Потом прошлой осенью папа от нас ушел, и мама продала несколько картин, про которые знала, что они ценные, хоть и притворялась, будто это не так, чтобы обеспечить нас как раз на такой крайний случай, который она, разумеется, всегда предвидела. Внезапно с деньгами у нас стало все в порядке, ну или почти. И однажды Корделия, Мэри, Ричард Куин и я пошли в питомник на окраине Лавгроува, заказали доставку комнатных растений к Новому году и купили луковицы гиацинтов и тюльпанов, чтобы сразу же их посадить. Мы держали эту затею в тайне от мамы, и это было к лучшему, потому что гиацинты так и не взошли. Нас это ужасно огорчило, поскольку подлило масла в огонь Корделии. Зато остальные цветы расцвели, что стало пусть и маленькой, но основательной победой. Алые и золотые тюльпаны, выросшие из круга лакфиолей, выглядели намного лучше, чем их современные потомки, потому что садоводы тогда не придавали им красные и желтые оттенки, и цвет их был темно-коричневым и нежным, как карие глаза; и мы стояли, упиваясь удовлетворением.

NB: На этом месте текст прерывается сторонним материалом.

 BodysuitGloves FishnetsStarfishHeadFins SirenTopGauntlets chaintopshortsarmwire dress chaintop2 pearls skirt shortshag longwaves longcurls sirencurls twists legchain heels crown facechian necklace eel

– Ах, как пахнут, как пахнут эти лакфиоли! – воскликнула девичьим голосом наша старая, худая и измученная мама. Как и всегда в мгновения величайшей радости, она была нам не матерью, а сестрой.

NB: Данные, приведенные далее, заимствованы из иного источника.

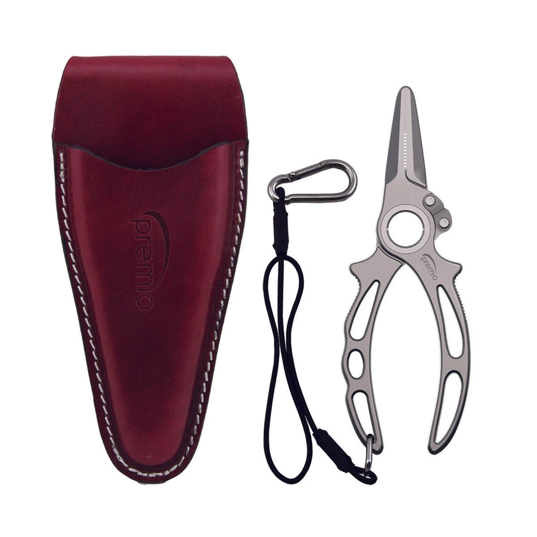 The absolute next level in fishing tools! We took a quantum leap forward and made a pair of extremely high-quality pliers that every angler would not only want but most importantly, be able to afford. Our premio level titanium pliers are just that, made of 100% machined titanium with a sleek matte finish and fitted with our exclusive Super Halo Hinge. These pliers also feature replaceable Cobalt-Titanium side cutters which are suitable for braided line, fluorocarbon, monofilament and even light wire. The entire line of premio pliers comes in very exclusive boxed packaging and they feature a 304 stainless-steel D ring, an elastic cord (non-coiled) lanyard and a belt-loop sheath made from the highest-grade leather. These pliers are extremely lightweight, so light than you will barely notice them on your hip for your lifetime of fishing excursions. All of the features above, backed with a full Lifetime Warranty makes these, “probably the best fishing pliers in the world.”

Я обняла ее за талию и в очередной раз поразилась тому, что всем нам казалось странным в наших отношениях с ней. Мы переросли ее и могли покровительственно смотреть на нее сверху вниз так же, как еще недавно смотрела на нас она. Нас это удивляло, словно ничего подобного никогда не случалось ни в одной другой семье. Я была бы очень счастлива, если бы счастье в то время не оборачивалось для меня своей противоположностью. У мамы появилось достаточно денег, у нас, девушек, – уверенность в будущем, а Ричард Куин всегда мог о себе позаботиться. Теперь мы, как и другие люди, могли выращивать цветы и делать все, что удавалось им. Но пока папа не ушел, так не было, и мы как будто променяли его на все эти вещи. Я хотела объяснить Богу, что с готовностью обошлась бы без них, лишь бы отец вернулся. Но мое горе от его утраты уже притупилось. И это стало еще одним горем, поскольку свидетельствовало о моей черствости. И все же я пользовалась своей черствостью, я смотрела на тюльпаны и слушала, что говорили остальные, зная, что скоро забуду думать о папе; так и случилось.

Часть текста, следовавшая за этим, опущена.